Records from a data collection
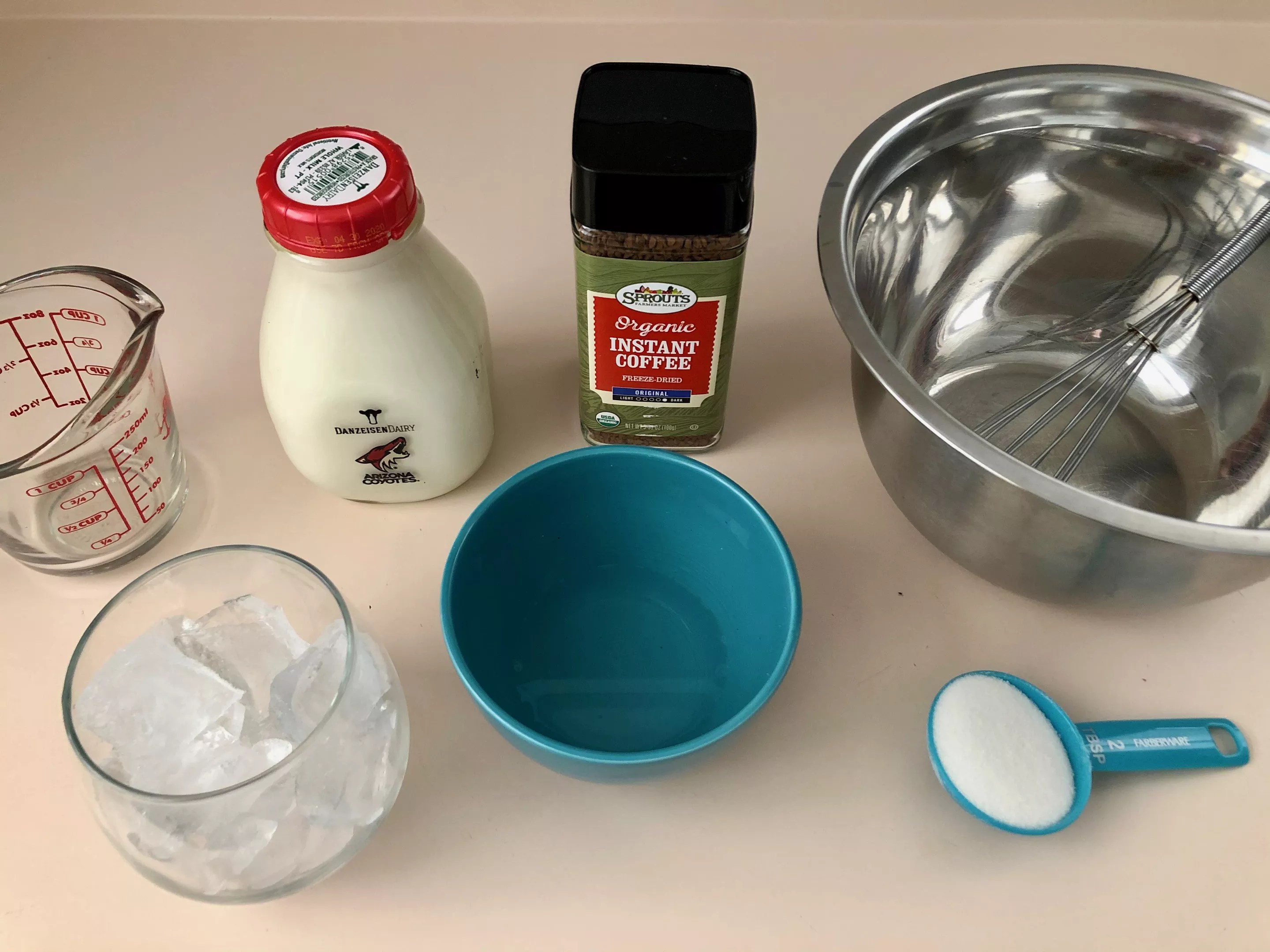 Some of the extremely simple recipes found online (okay, they’re all extremely simple) calls for two tablespoons of instant coffee, two tablespoons of granulated sugar, and one cup of whole milk.
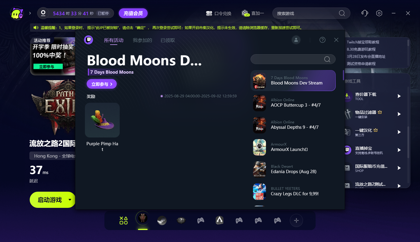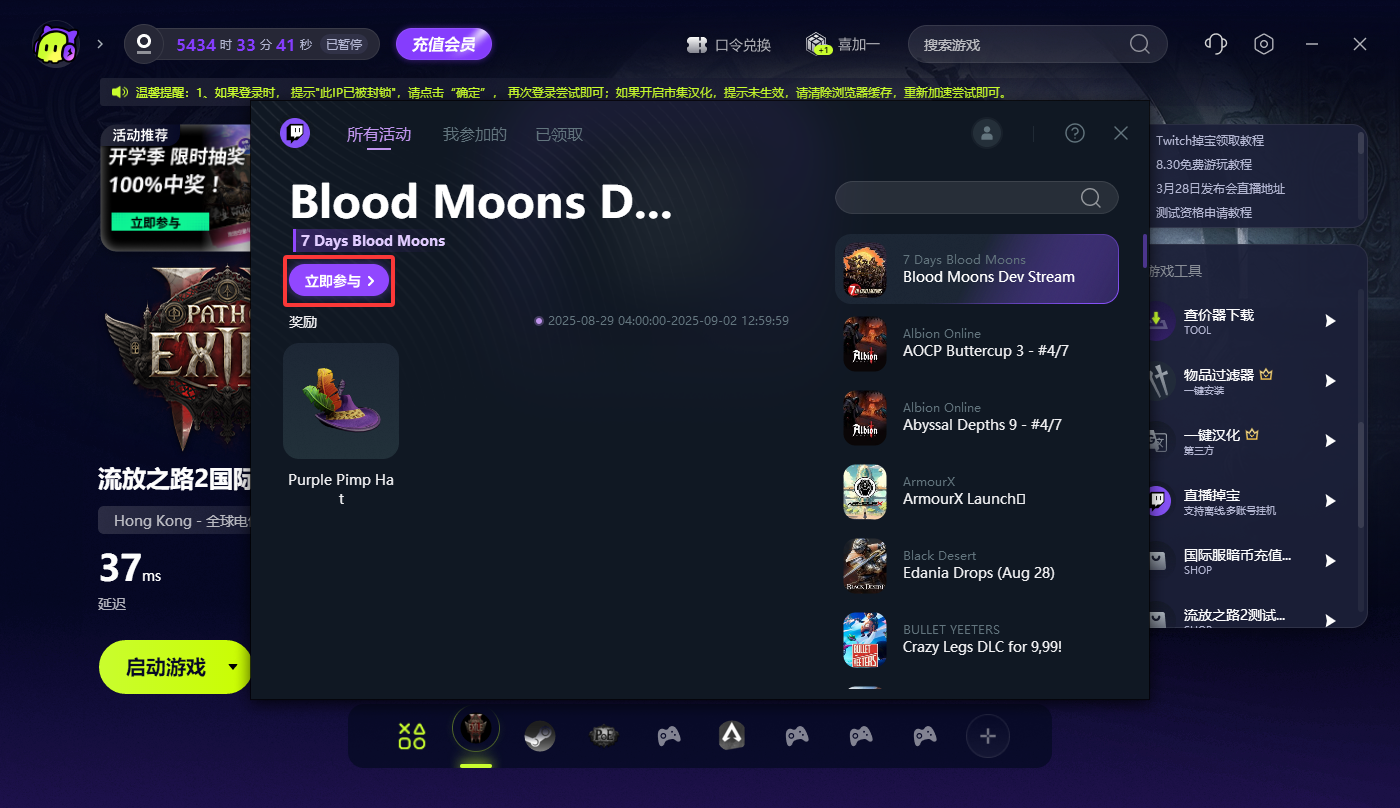 7.参与掉宝活动,搜索Path of Exile 2,点击“立即参与”(流放之路2的掉宝活动在8月30日开启后才会显示,这里以七日血月为例),等待掉宝完成。
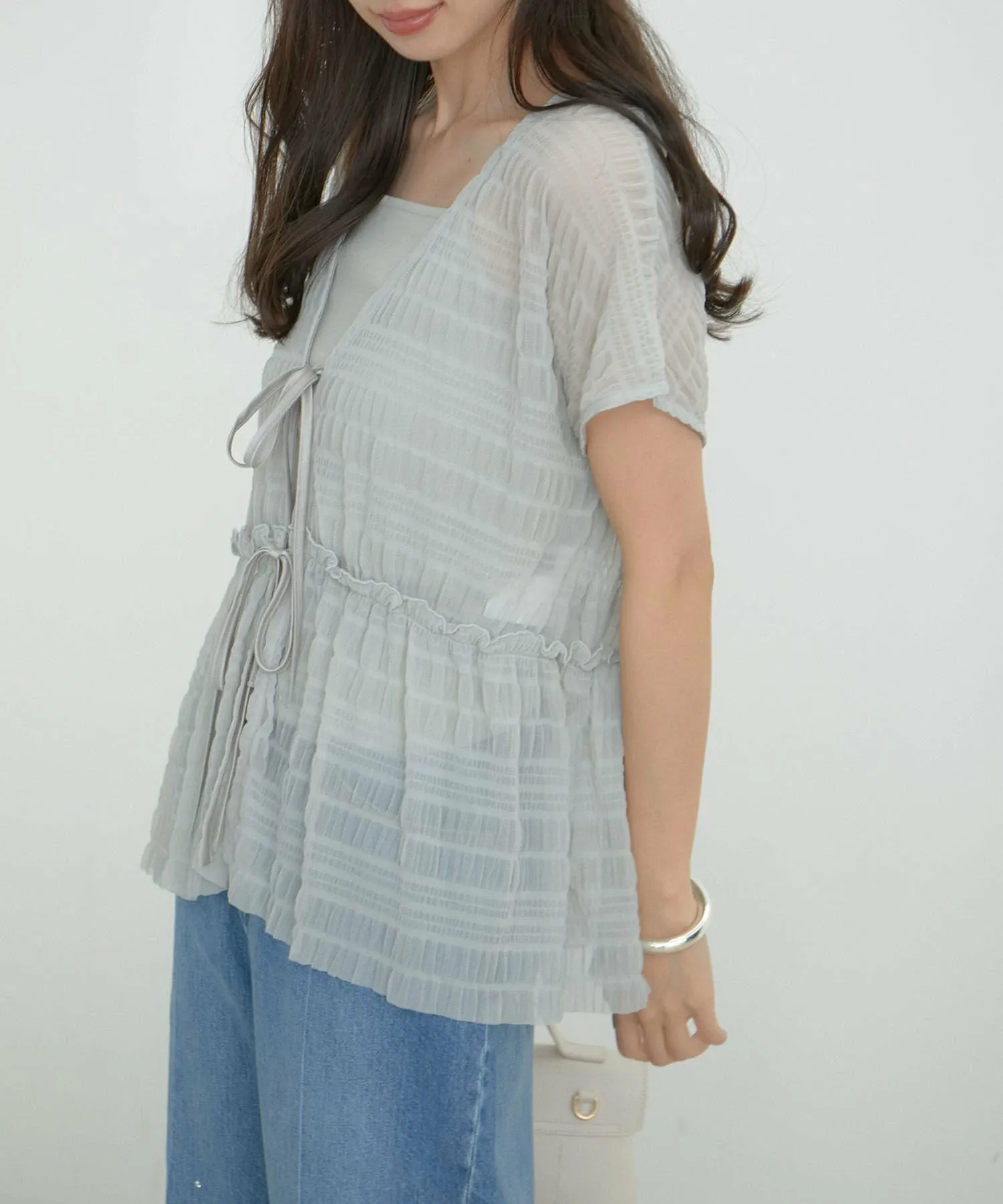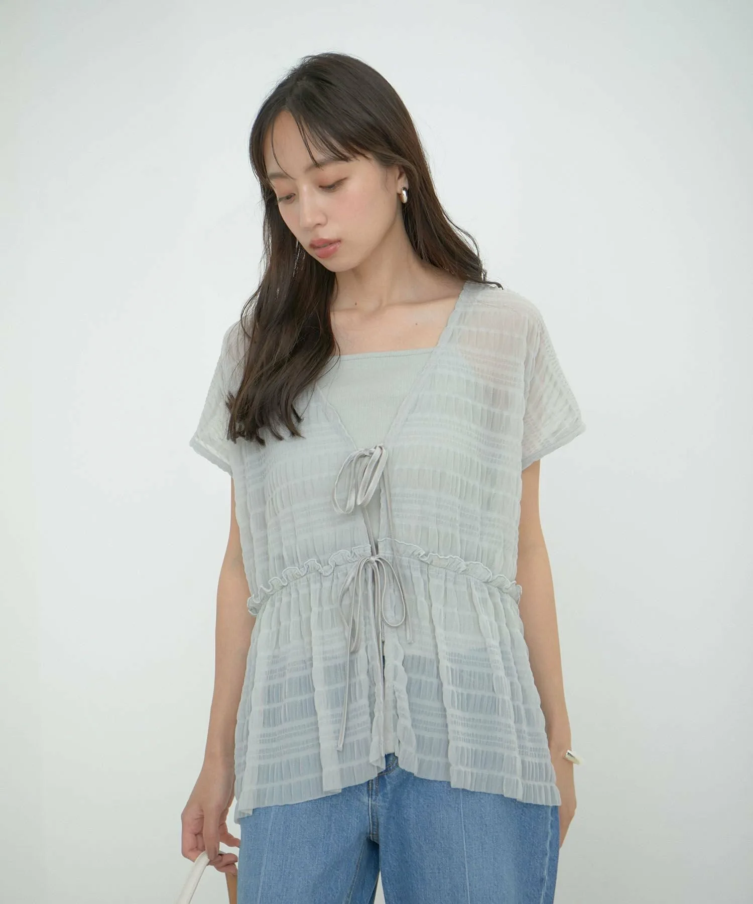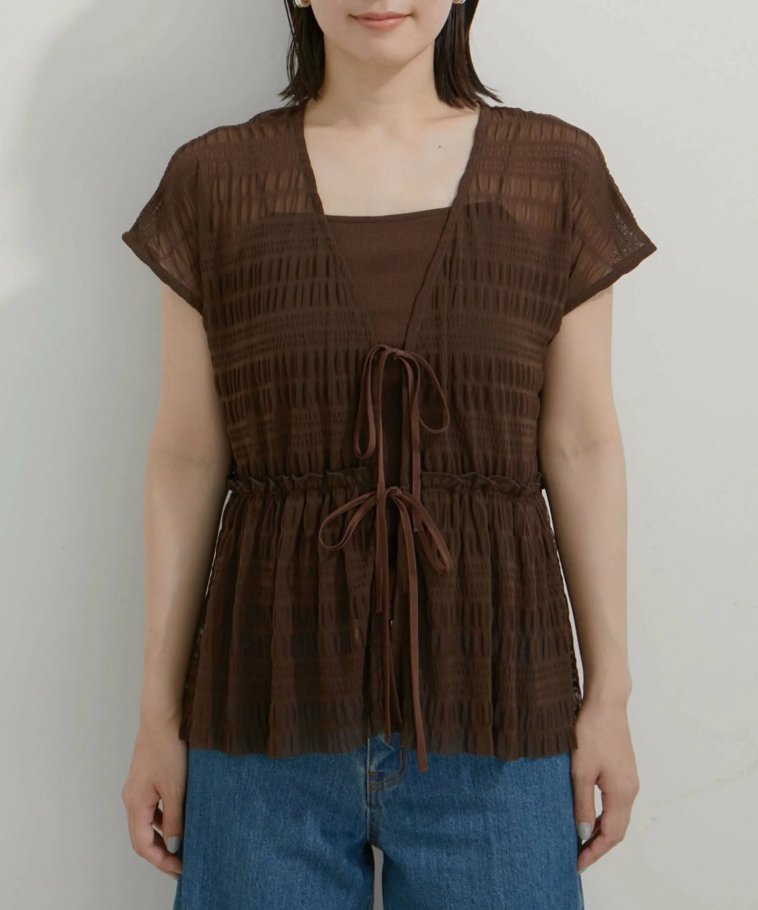 Дизайн и силуэт Это болеро изготовлено из мягкого, присборенного тюля, приятного на ощупь и дышащего, что делает его идеальным для предстоящего жаркого сезона! > <ОСОБЕННОСТИ> ・Длина и ширина достаточно широкие, чтобы закрыть бедра, а модные ленточные акценты позволяют носить его как самостоятельное болеро. ・Внутренняя майка имеет круглые бретели, а открытое декольте создает здоровый, стройный силуэт, что является ключевым моментом! ・Этот комплект сочетает в себе экономичность и стиль.
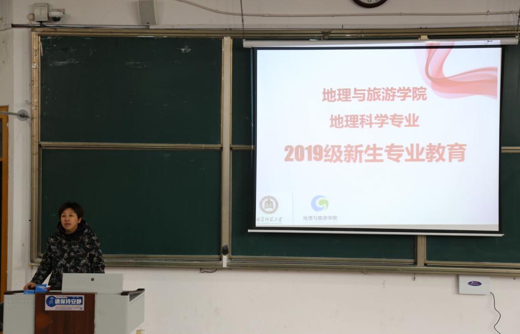 于E101成功举办2019级地理科学专业新生专业教育指导会。会议由院长助理于伟主讲,2019级辅导员李梅主持,班主任、相关专业教师出席,2019级地理科学专业学生参加。
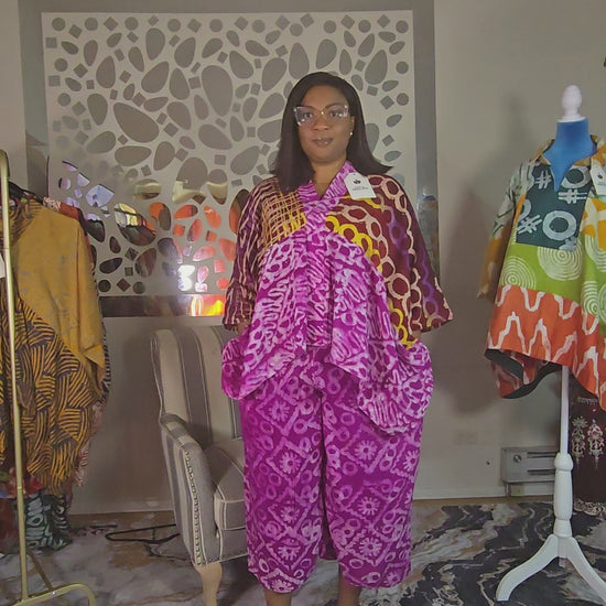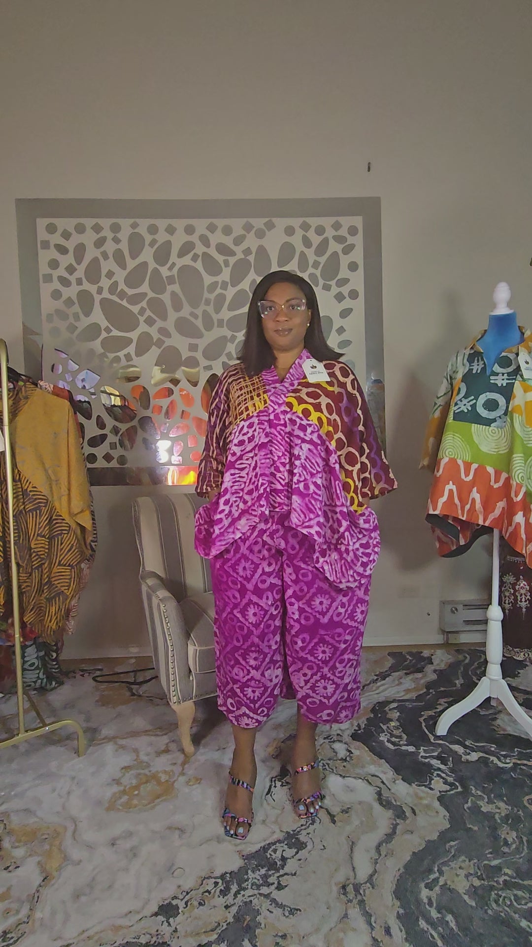 This set features a crepe and cotton adire three-quarter pant paired with a free-fit short dashiki top, designed to comfortably fit US sizes 12-18. The pants fit US sizes 14-16 with a length of 32-33 inches and hip measurement of 51-52 inches, offering a flattering, relaxed fit. Perfect for effortless style and comfort.

### Task to complete:
Restate word for word only the lines that run from the line holding "于E101成功举办2019级" to the end of the data, both ends kept, leaving every picture out.

### Task response:
 于E101成功举办2019级地理科学专业新生专业教育指导会。会议由院长助理于伟主讲,2019级辅导员李梅主持,班主任、相关专业教师出席,2019级地理科学专业学生参加。
 This set features a crepe and cotton adire three-quarter pant paired with a free-fit short dashiki top, designed to comfortably fit US sizes 12-18. The pants fit US sizes 14-16 with a length of 32-33 inches and hip measurement of 51-52 inches, offering a flattering, relaxed fit. Perfect for effortless style and comfort.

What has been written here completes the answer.